Stored data
━━━━━━

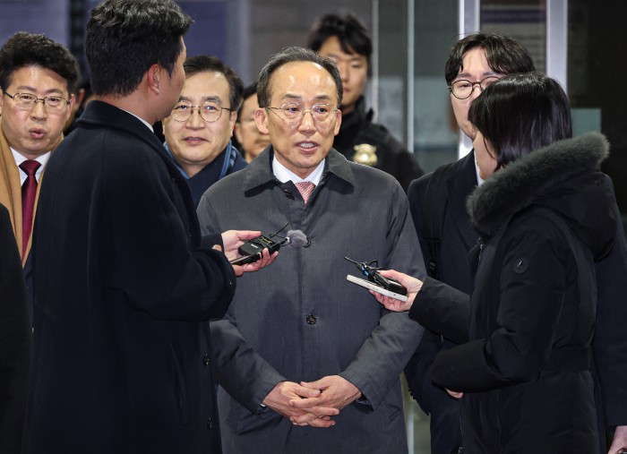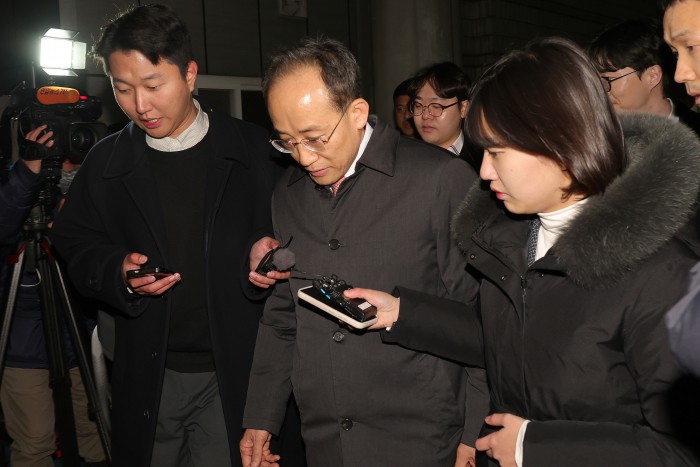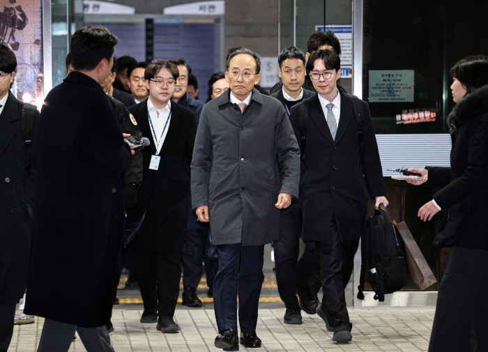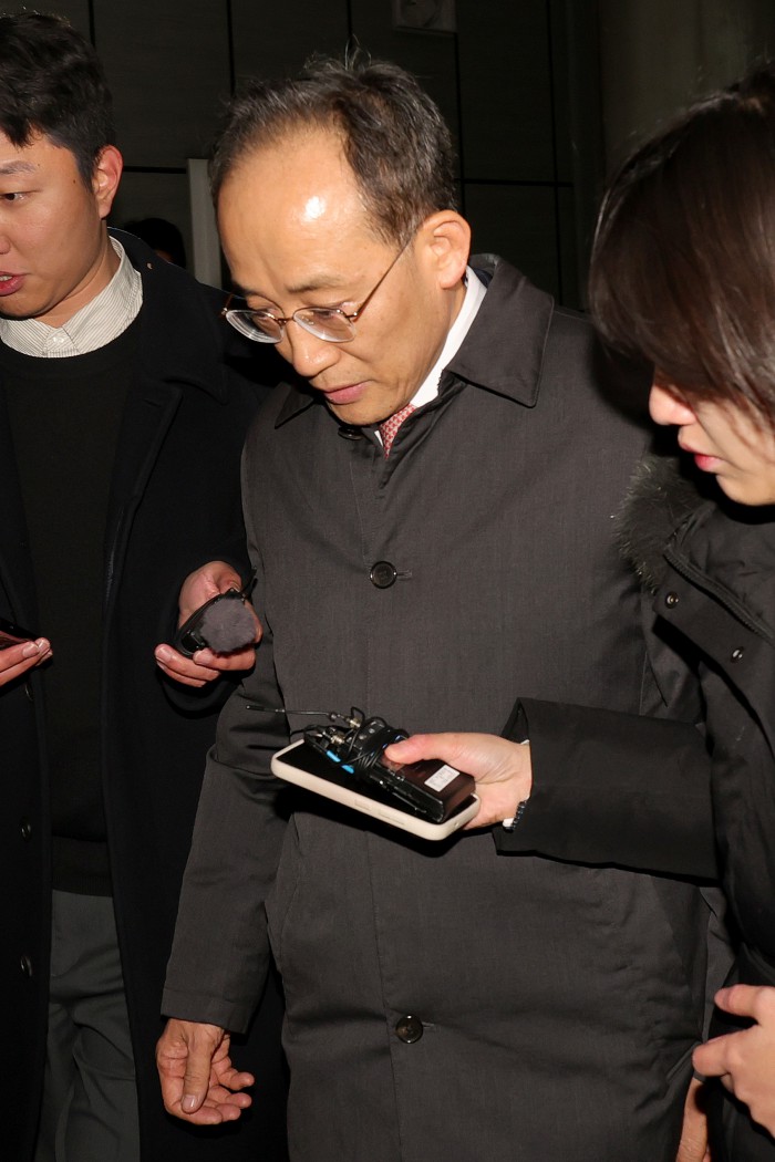 [서울=뉴스핌] 최지환 기자 = 국회의 12·3 비상계엄 해제 의결 방해 의혹을 받는 추경호 전 국민의힘 원내대표가 3일 새벽 서울 서초구 서울중앙지방법원에서 열린 영장실질심사(구속 전 피의자 심문)를 마치고 법정을 나서고 있다. 2025.12.03 choipix16@newspim.com
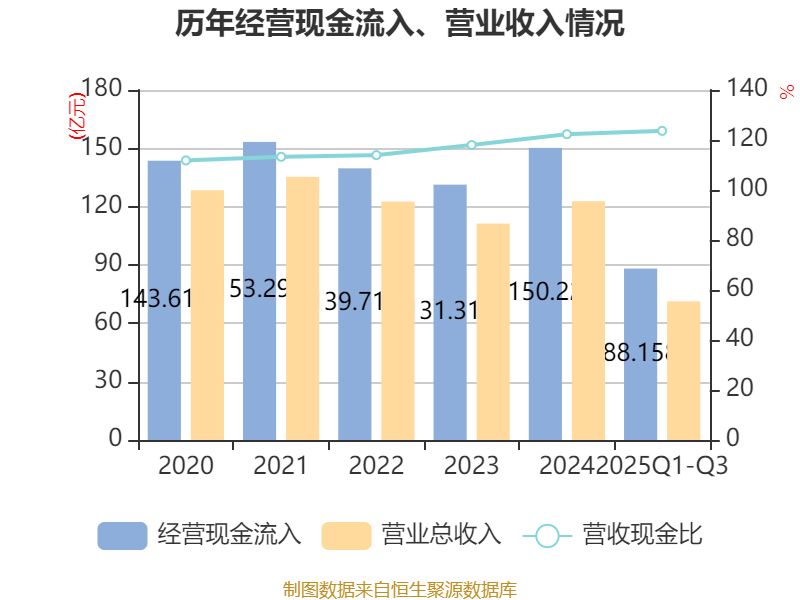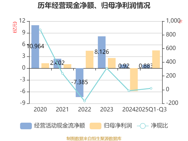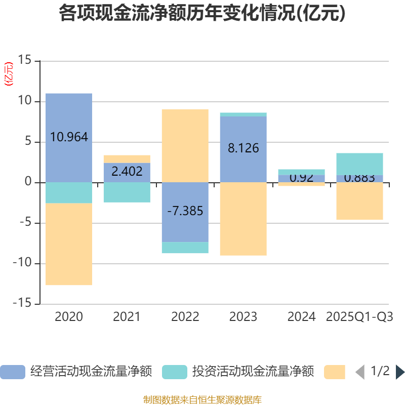 2025年前三季度,公司经营活动现金流净额为8827.3万元,同比下降1.5%;筹资活动现金流净额-4.63亿元,同比减少1.18亿元;投资活动现金流净额2.71亿元,上年同期为2.72亿元。
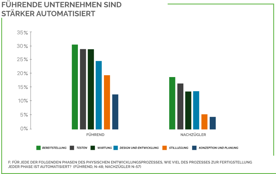 Die Befragten wurden gebeten, den Automatisierungsgrad in mehreren wesentlichen physischen Produkt-Workflow-Prozessen zu bewerten, darunter Bereitstellung, Testen, Wartung, Design und Entwicklung, Ausscheiden sowie Ideenfindung und Planung. Wie der Name schon sagt, dominierten die führenden Unternehmen in jedem Segment, und es war nicht besonders knapp. In den drei am stärksten umkämpften Kategorien Bereitstellung, Testen sowie Ideenfindung und Planung lag der Automatisierungsgrad zwischen führenden Unternehmen und Nachzüglern jeweils um 13% auseinander. Design und Entwicklung waren der größte Bereich, in dem sich die führenden Unternehmen mit durchschnittlich 25% von den Nachzüglern mit 5% unterschieden.
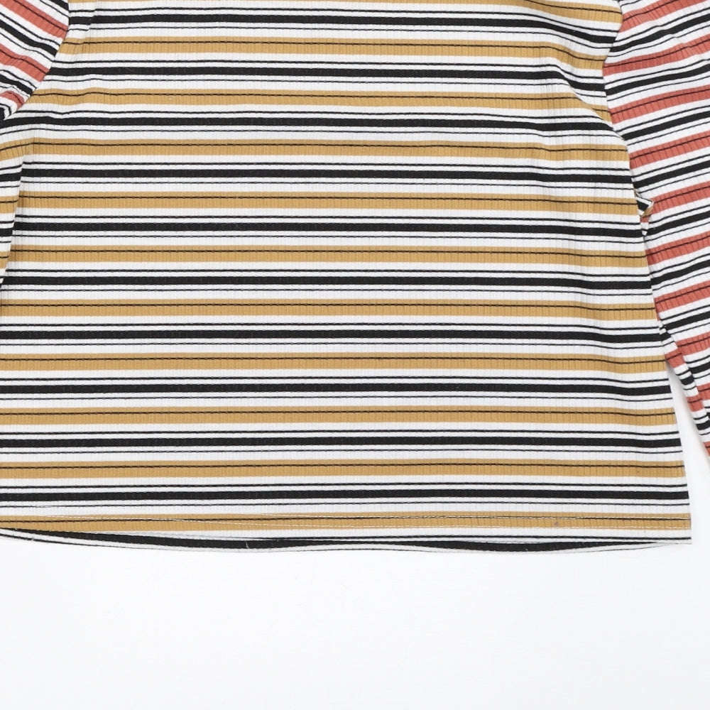 Brave Soul Women Beige Striped Cropped Knit T-Shirt Size M
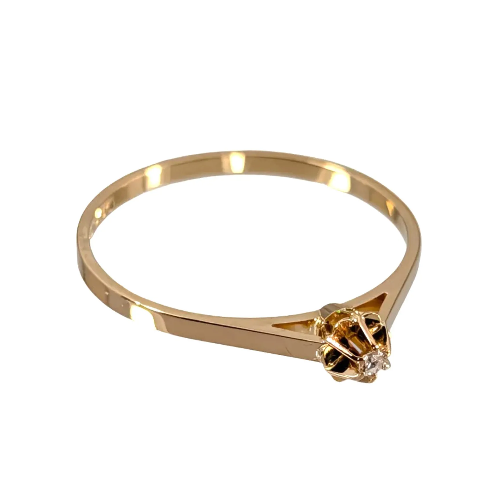 Diamantring 18K guld Guldfynd Diamant 0,01ct, Guldfynd (GFAB), svensk kontrollstämpel, Ø19,0 mm, bredd 1,3 - 4,3 mm, fint skick Vikt: 1,5 g.
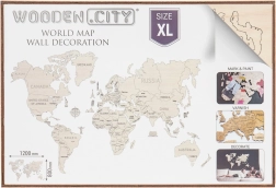 Mapa służy nie tylko jako elegancka dekoracja, ale także jako interaktywne przypomnienie Twoich podróży. Odwiedzone miejsca możesz pokolorować lub w drewno wbić szpilkę z chorągiewką. Dzięki łatwemu poziomowi trudności złożysz ją w około godzinę – idealny projekt na przyjemny wieczór w domu.
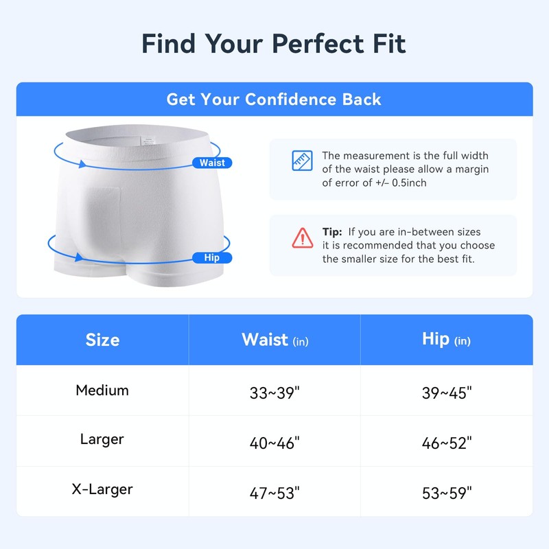 • Eco-Friendly $ Easy Wash - Reusable incontinence underwear are more economical and environmentally friendly than disposables products. Men's incontinence underwear for can be washed like ordinary underwear. It is recommended to wash by hand or in gentle cold water.
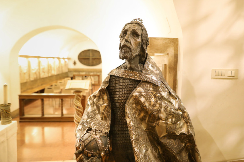 az idős Szent István király szobra tűnik fel, vállán a koronázási palásttal, jobb kezében a Szent Koronát tartva – a Regnum Marianum gondolatának kortárs kifejeződése ez a térbe kilépő kompozíció.
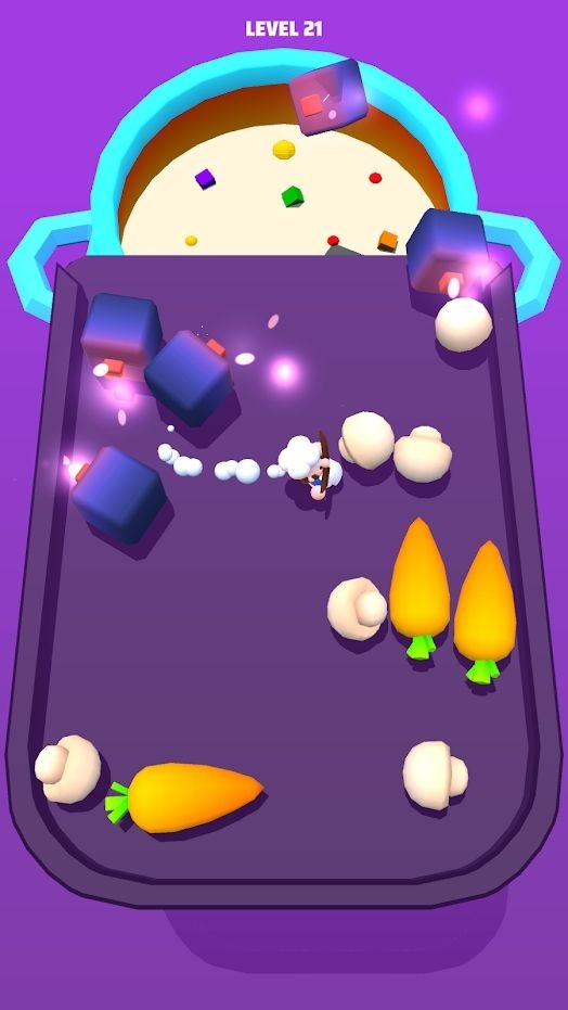 1、场景前方有一个大锅,而玩家要做的就是躲避场景中的炸弹,并把所有的食材都丢进锅里。
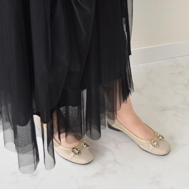 リボンやビジューほど甘くなく、辛口なコーデにもよく合います。
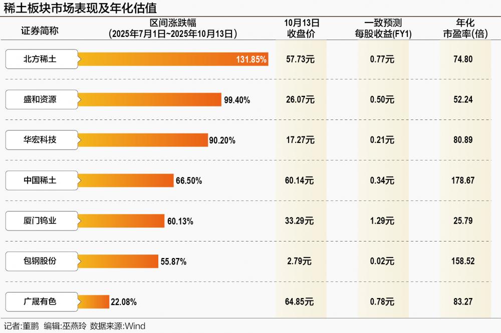 以北方稀土为例。截至13日收盘,该公司年内涨幅超过170%,如果按照全年28亿元的卖方盈利预期值估算,公司当前估值已经达到75倍,而估值超过百倍的稀土股亦不罕见。

━━━━━━

■ Required work
Write out exactly and only the lines that run from the start of the data above through the line containing "Brave Soul Women", leaving the pictures out.

■ Answer box
 [서울=뉴스핌] 최지환 기자 = 국회의 12·3 비상계엄 해제 의결 방해 의혹을 받는 추경호 전 국민의힘 원내대표가 3일 새벽 서울 서초구 서울중앙지방법원에서 열린 영장실질심사(구속 전 피의자 심문)를 마치고 법정을 나서고 있다. 2025.12.03 choipix16@newspim.com
 2025年前三季度,公司经营活动现金流净额为8827.3万元,同比下降1.5%;筹资活动现金流净额-4.63亿元,同比减少1.18亿元;投资活动现金流净额2.71亿元,上年同期为2.72亿元。
 Die Befragten wurden gebeten, den Automatisierungsgrad in mehreren wesentlichen physischen Produkt-Workflow-Prozessen zu bewerten, darunter Bereitstellung, Testen, Wartung, Design und Entwicklung, Ausscheiden sowie Ideenfindung und Planung. Wie der Name schon sagt, dominierten die führenden Unternehmen in jedem Segment, und es war nicht besonders knapp. In den drei am stärksten umkämpften Kategorien Bereitstellung, Testen sowie Ideenfindung und Planung lag der Automatisierungsgrad zwischen führenden Unternehmen und Nachzüglern jeweils um 13% auseinander. Design und Entwicklung waren der größte Bereich, in dem sich die führenden Unternehmen mit durchschnittlich 25% von den Nachzüglern mit 5% unterschieden.
 Brave Soul Women Beige Striped Cropped Knit T-Shirt Size M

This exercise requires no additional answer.